# Exercise objective
Pictures are to be left out, and every entry repeated exactly.
--- --- ---
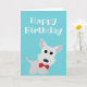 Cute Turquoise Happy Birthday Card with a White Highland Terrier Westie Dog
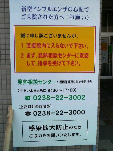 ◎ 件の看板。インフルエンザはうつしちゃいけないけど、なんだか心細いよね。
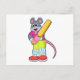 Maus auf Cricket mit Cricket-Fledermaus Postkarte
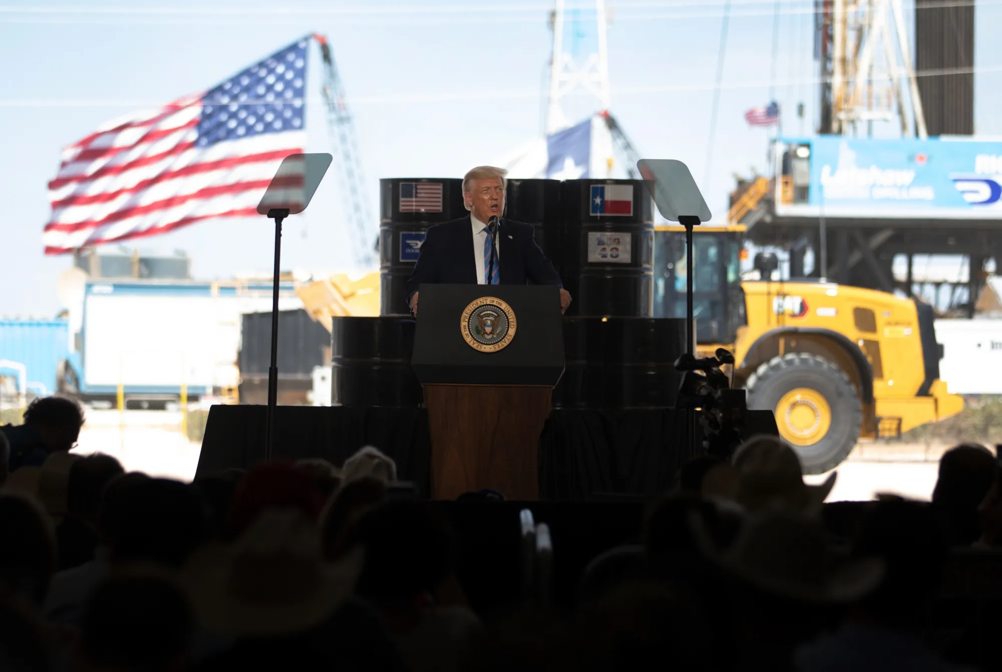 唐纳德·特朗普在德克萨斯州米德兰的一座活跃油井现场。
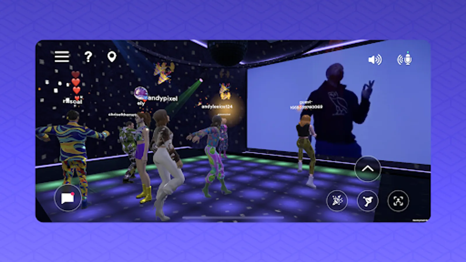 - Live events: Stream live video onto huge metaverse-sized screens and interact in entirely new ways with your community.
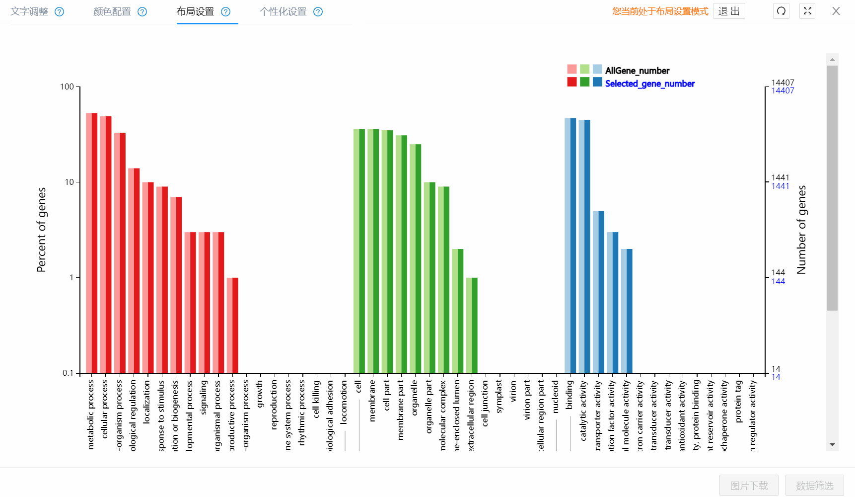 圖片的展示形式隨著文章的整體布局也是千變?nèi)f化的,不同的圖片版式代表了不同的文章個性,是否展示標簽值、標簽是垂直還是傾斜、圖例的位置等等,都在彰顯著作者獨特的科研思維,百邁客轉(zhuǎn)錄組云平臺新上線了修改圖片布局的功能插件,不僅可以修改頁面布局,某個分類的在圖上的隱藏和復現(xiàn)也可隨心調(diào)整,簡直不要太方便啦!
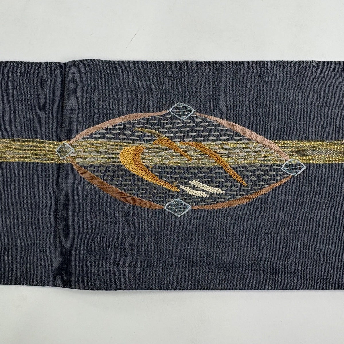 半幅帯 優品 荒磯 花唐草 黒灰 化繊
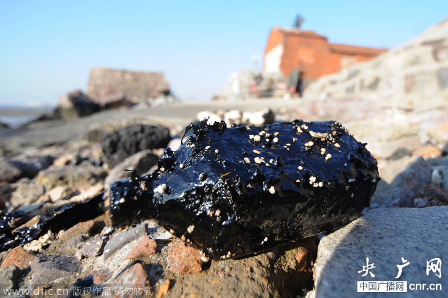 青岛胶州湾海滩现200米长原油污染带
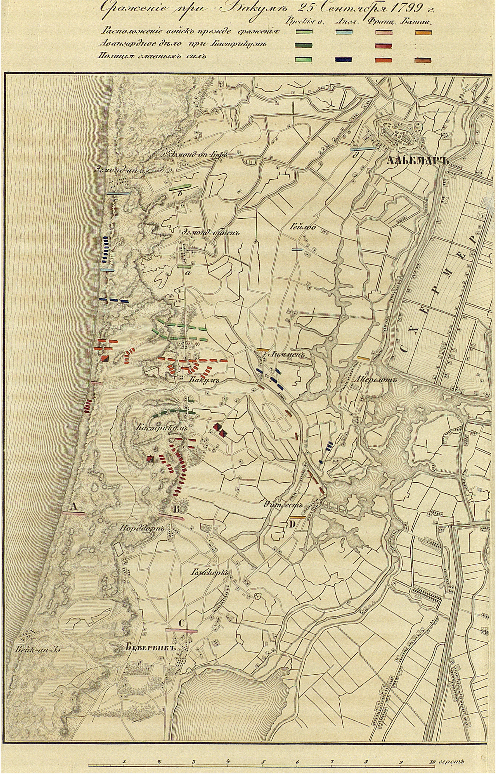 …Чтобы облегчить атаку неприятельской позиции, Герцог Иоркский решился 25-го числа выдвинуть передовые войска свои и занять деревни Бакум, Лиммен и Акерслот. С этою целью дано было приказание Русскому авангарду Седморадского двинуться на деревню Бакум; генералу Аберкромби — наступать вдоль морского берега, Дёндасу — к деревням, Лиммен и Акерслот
--- --- ---
# Finished exercise
 Cute Turquoise Happy Birthday Card with a White Highland Terrier Westie Dog
 ◎ 件の看板。インフルエンザはうつしちゃいけないけど、なんだか心細いよね。
 Maus auf Cricket mit Cricket-Fledermaus Postkarte
 唐纳德·特朗普在德克萨斯州米德兰的一座活跃油井现场。
 - Live events: Stream live video onto huge metaverse-sized screens and interact in entirely new ways with your community.
 圖片的展示形式隨著文章的整體布局也是千變?nèi)f化的,不同的圖片版式代表了不同的文章個性,是否展示標簽值、標簽是垂直還是傾斜、圖例的位置等等,都在彰顯著作者獨特的科研思維,百邁客轉(zhuǎn)錄組云平臺新上線了修改圖片布局的功能插件,不僅可以修改頁面布局,某個分類的在圖上的隱藏和復現(xiàn)也可隨心調(diào)整,簡直不要太方便啦!
 半幅帯 優品 荒磯 花唐草 黒灰 化繊
 青岛胶州湾海滩现200米长原油污染带
 …Чтобы облегчить атаку неприятельской позиции, Герцог Иоркский решился 25-го числа выдвинуть передовые войска свои и занять деревни Бакум, Лиммен и Акерслот. С этою целью дано было приказание Русскому авангарду Седморадского двинуться на деревню Бакум; генералу Аберкромби — наступать вдоль морского берега, Дёндасу — к деревням, Лиммен и Акерслот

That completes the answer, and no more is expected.